==== SOURCE DATA

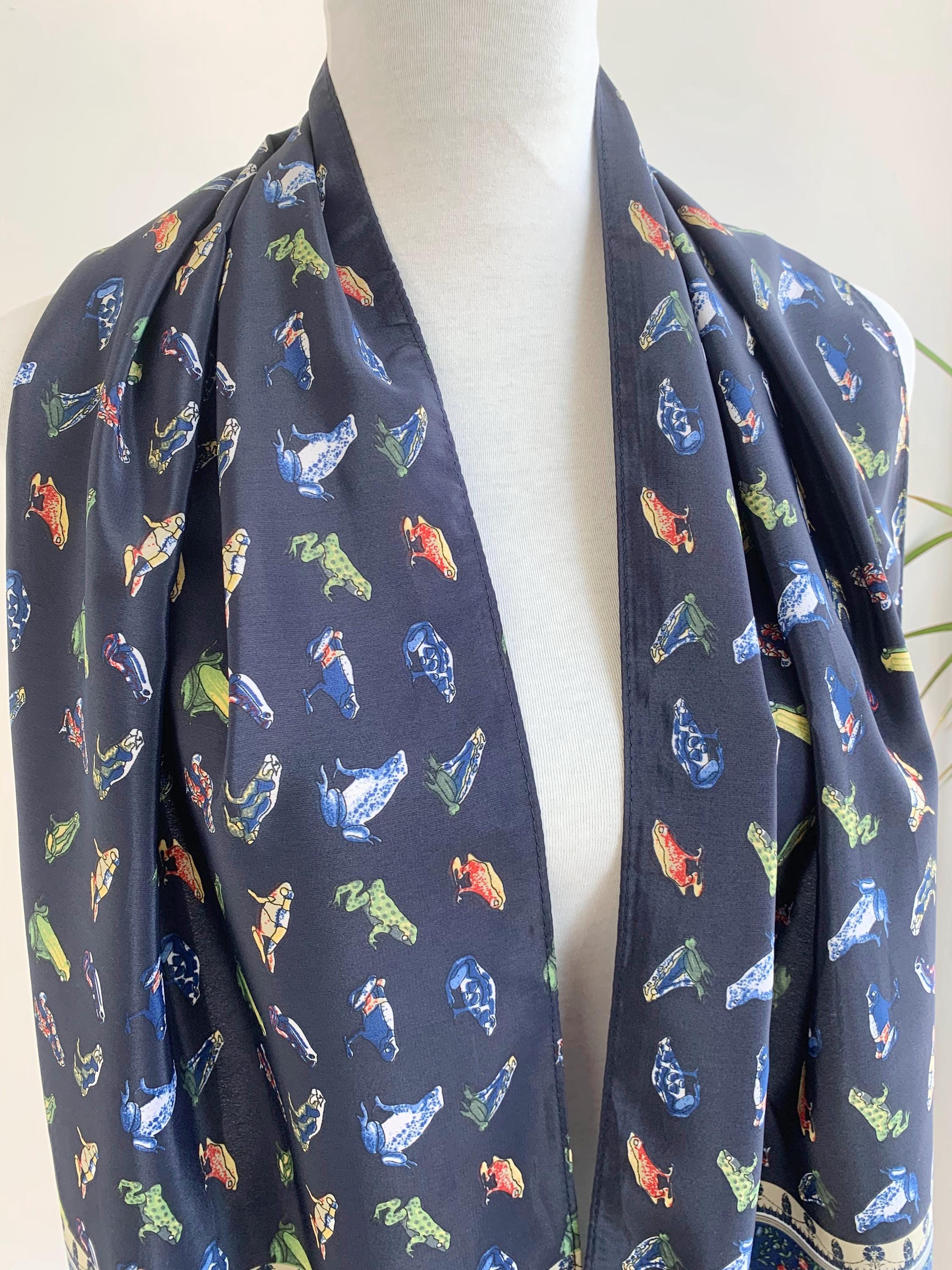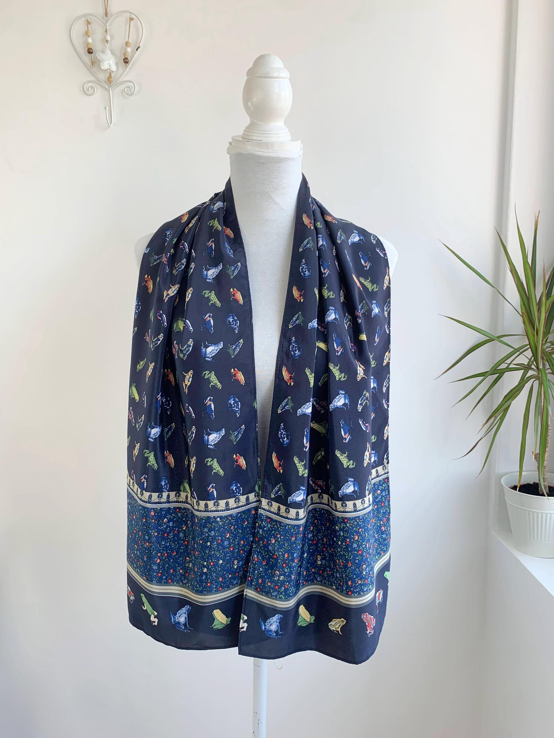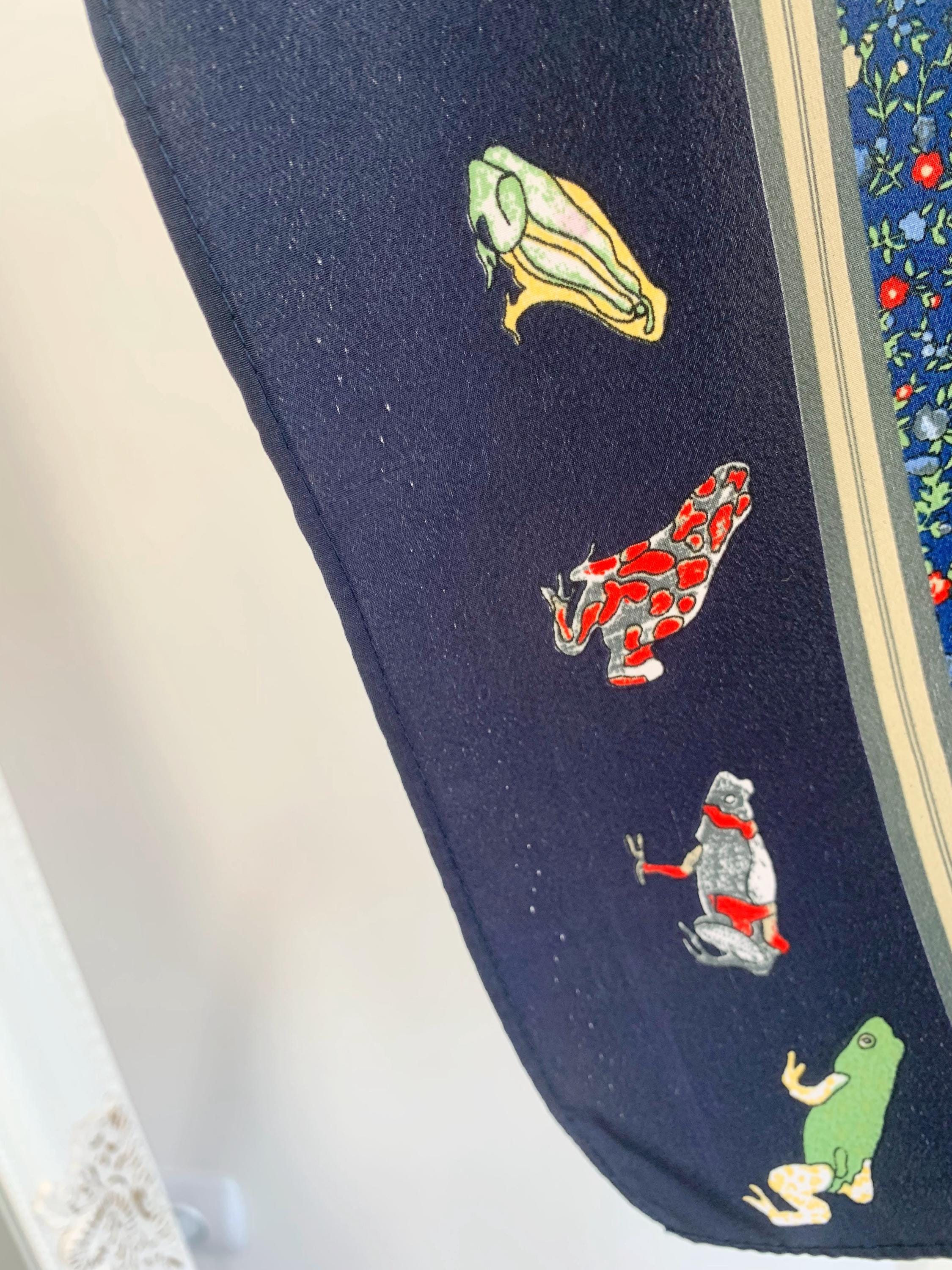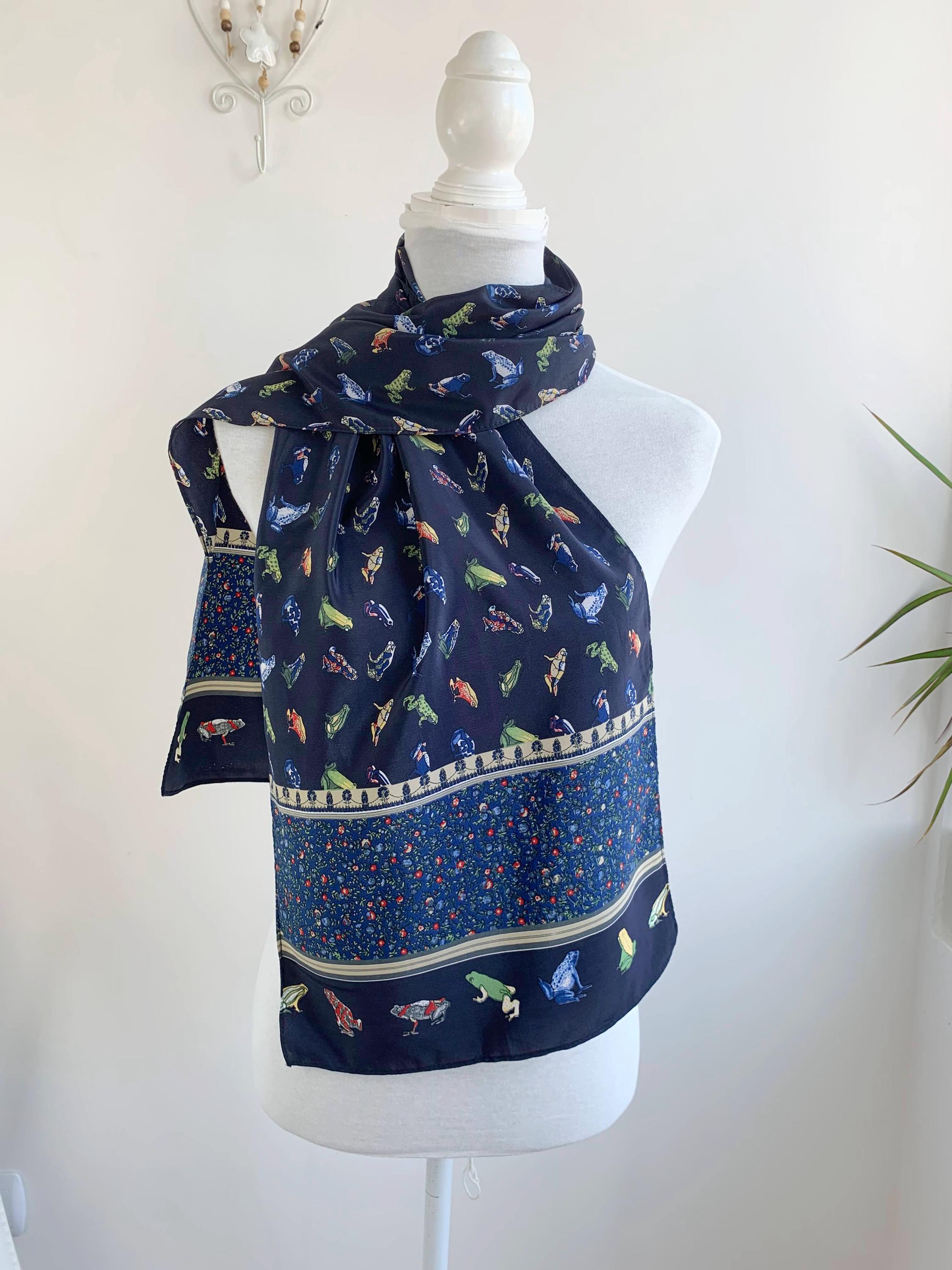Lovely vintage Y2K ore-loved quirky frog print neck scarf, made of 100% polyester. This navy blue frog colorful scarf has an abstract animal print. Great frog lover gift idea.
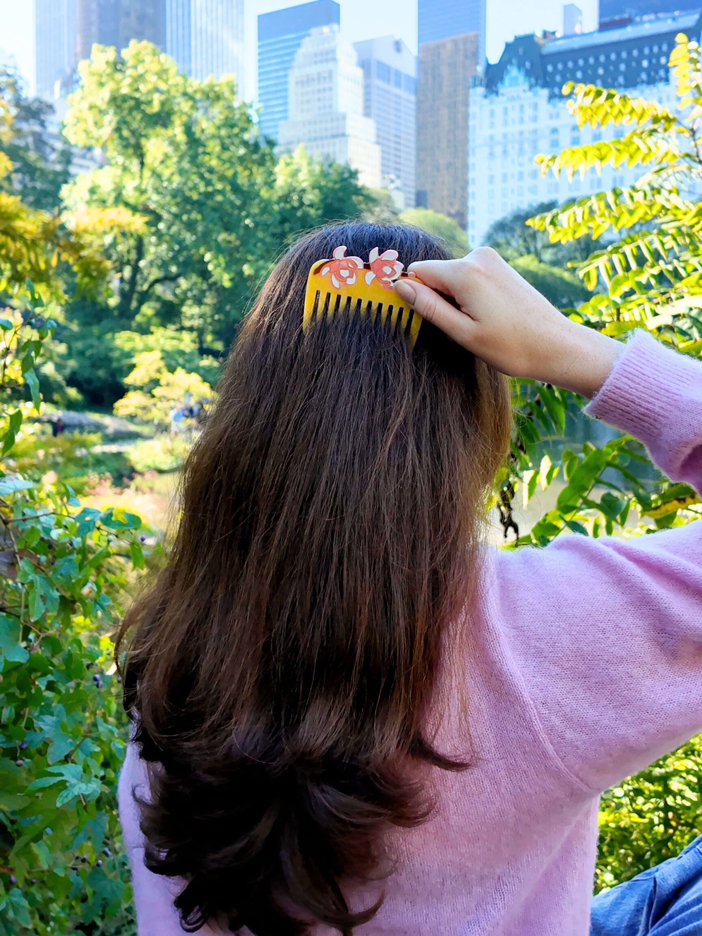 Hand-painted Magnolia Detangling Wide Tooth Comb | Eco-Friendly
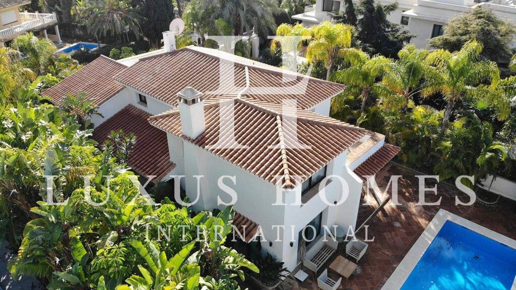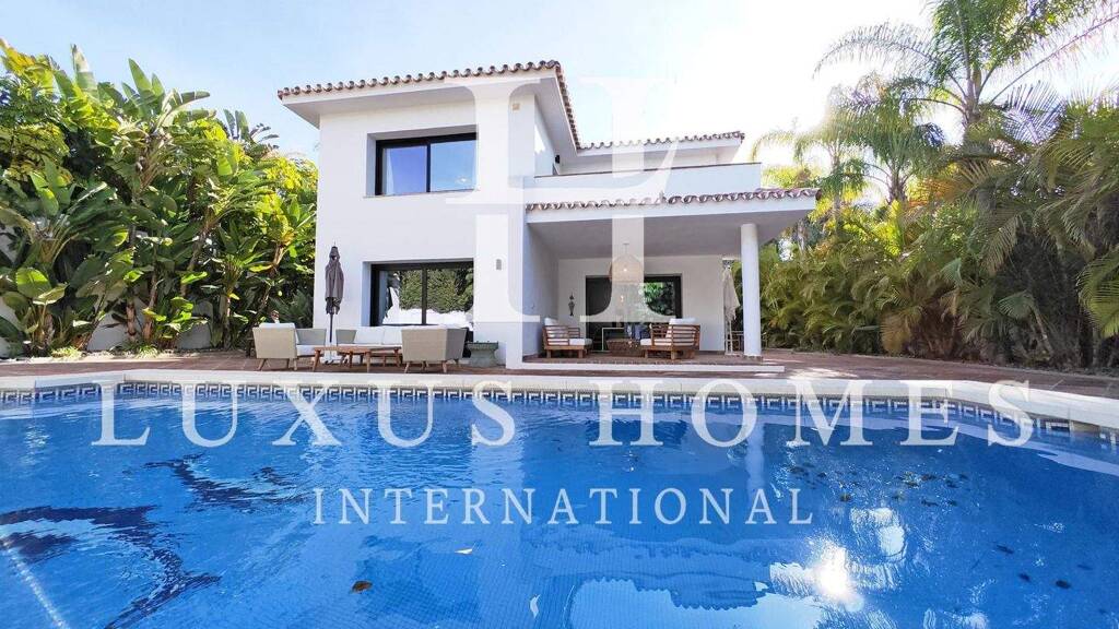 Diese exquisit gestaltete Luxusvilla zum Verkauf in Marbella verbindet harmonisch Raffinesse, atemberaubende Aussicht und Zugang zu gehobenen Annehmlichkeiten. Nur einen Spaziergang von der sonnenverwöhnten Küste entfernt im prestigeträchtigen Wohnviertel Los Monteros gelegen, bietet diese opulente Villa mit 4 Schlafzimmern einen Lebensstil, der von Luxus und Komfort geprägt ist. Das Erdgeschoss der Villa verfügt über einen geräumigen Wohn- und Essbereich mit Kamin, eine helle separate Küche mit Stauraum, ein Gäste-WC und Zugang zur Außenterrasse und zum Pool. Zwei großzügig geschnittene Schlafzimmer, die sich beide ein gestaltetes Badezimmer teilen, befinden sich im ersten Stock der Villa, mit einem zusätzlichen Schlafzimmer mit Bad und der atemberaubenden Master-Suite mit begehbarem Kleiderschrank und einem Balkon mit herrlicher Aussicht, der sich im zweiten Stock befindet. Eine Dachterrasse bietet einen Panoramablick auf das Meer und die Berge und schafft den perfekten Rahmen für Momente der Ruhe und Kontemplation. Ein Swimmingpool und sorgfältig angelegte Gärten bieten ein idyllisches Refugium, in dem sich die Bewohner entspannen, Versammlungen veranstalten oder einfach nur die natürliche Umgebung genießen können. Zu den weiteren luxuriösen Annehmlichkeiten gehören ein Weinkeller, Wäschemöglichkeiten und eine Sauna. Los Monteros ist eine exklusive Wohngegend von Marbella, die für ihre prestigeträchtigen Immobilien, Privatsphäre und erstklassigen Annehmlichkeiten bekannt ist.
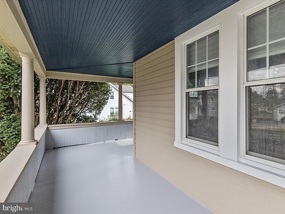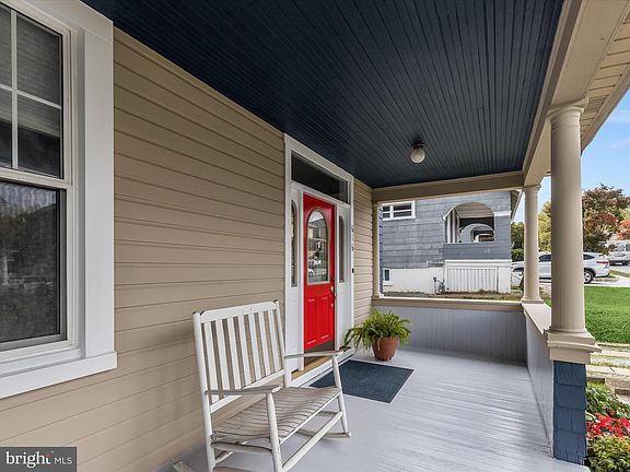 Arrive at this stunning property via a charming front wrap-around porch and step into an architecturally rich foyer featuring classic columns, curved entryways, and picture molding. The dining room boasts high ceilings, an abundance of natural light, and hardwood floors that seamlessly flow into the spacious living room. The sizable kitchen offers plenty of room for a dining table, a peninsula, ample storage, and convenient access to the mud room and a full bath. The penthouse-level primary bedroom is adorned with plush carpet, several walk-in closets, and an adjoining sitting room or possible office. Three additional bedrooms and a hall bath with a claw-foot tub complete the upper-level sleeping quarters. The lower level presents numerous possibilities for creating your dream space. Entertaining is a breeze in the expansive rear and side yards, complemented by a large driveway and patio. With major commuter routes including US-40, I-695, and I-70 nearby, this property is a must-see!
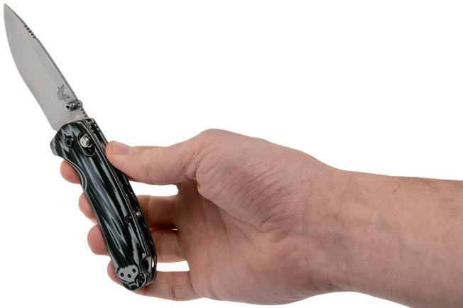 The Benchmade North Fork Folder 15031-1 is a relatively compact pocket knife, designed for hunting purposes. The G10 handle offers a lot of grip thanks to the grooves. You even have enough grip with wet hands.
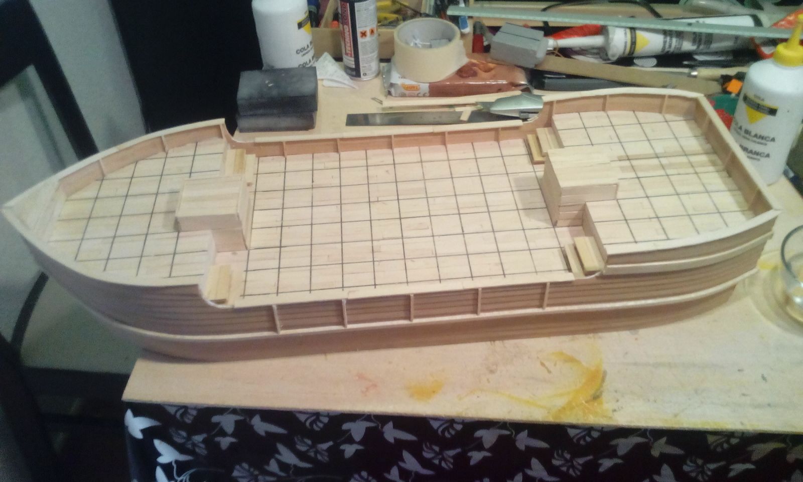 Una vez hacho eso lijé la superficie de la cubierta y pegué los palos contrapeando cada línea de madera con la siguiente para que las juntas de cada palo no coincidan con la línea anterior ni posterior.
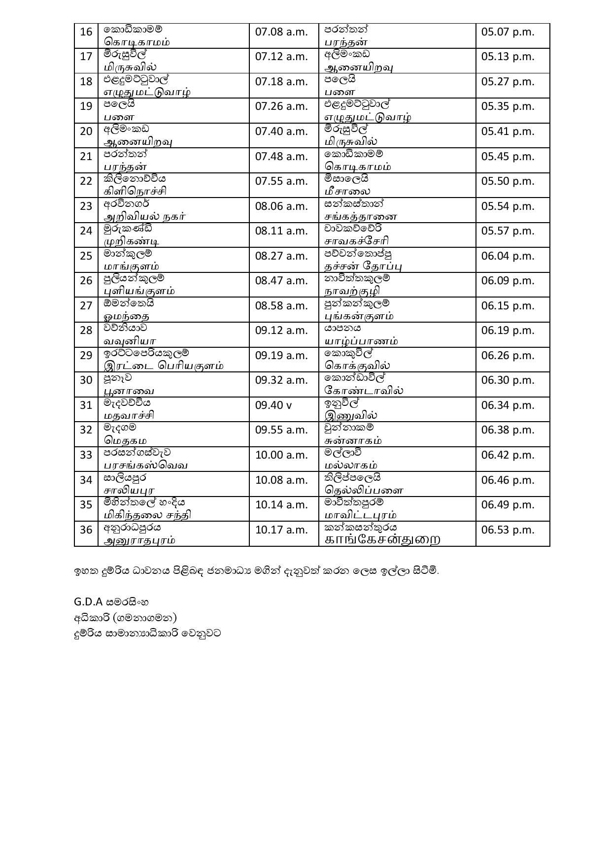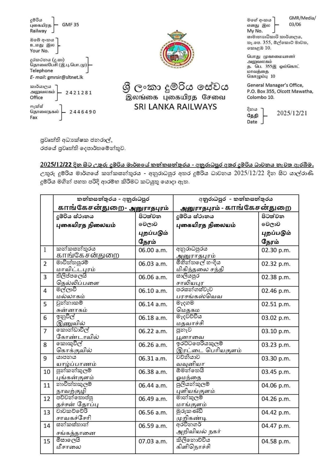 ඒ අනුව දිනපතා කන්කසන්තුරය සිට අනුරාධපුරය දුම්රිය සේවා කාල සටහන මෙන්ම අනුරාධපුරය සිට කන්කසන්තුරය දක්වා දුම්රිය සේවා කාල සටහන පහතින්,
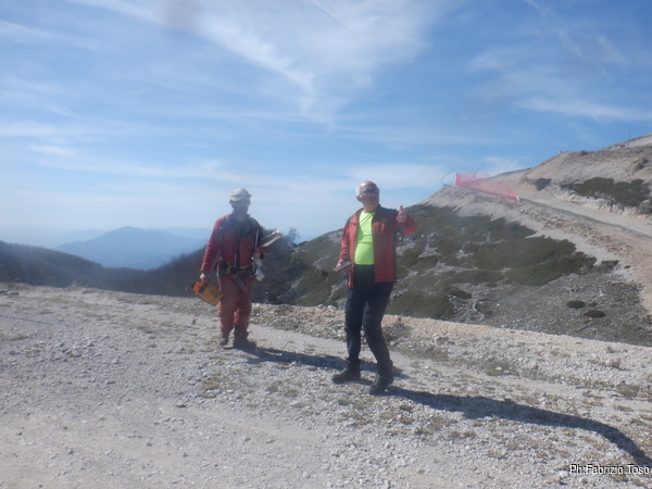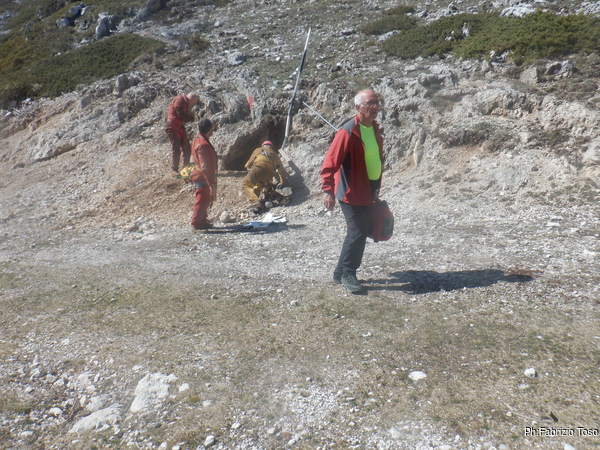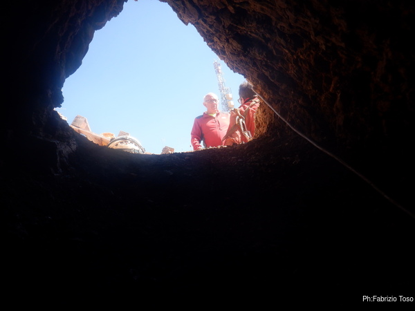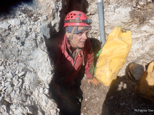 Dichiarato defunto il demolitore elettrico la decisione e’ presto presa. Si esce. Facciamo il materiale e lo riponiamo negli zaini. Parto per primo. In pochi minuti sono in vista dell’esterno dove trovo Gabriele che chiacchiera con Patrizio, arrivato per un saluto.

========

TASK =
Please copy, exactly and only, the lines of the listing that run from the one holding "Una vez hacho" through its last line, and exclude pictures.

RESPONSE FOR THIS EXERCISE =
 Una vez hacho eso lijé la superficie de la cubierta y pegué los palos contrapeando cada línea de madera con la siguiente para que las juntas de cada palo no coincidan con la línea anterior ni posterior.
 ඒ අනුව දිනපතා කන්කසන්තුරය සිට අනුරාධපුරය දුම්රිය සේවා කාල සටහන මෙන්ම අනුරාධපුරය සිට කන්කසන්තුරය දක්වා දුම්රිය සේවා කාල සටහන පහතින්,
 Dichiarato defunto il demolitore elettrico la decisione e’ presto presa. Si esce. Facciamo il materiale e lo riponiamo negli zaini. Parto per primo. In pochi minuti sono in vista dell’esterno dove trovo Gabriele che chiacchiera con Patrizio, arrivato per un saluto.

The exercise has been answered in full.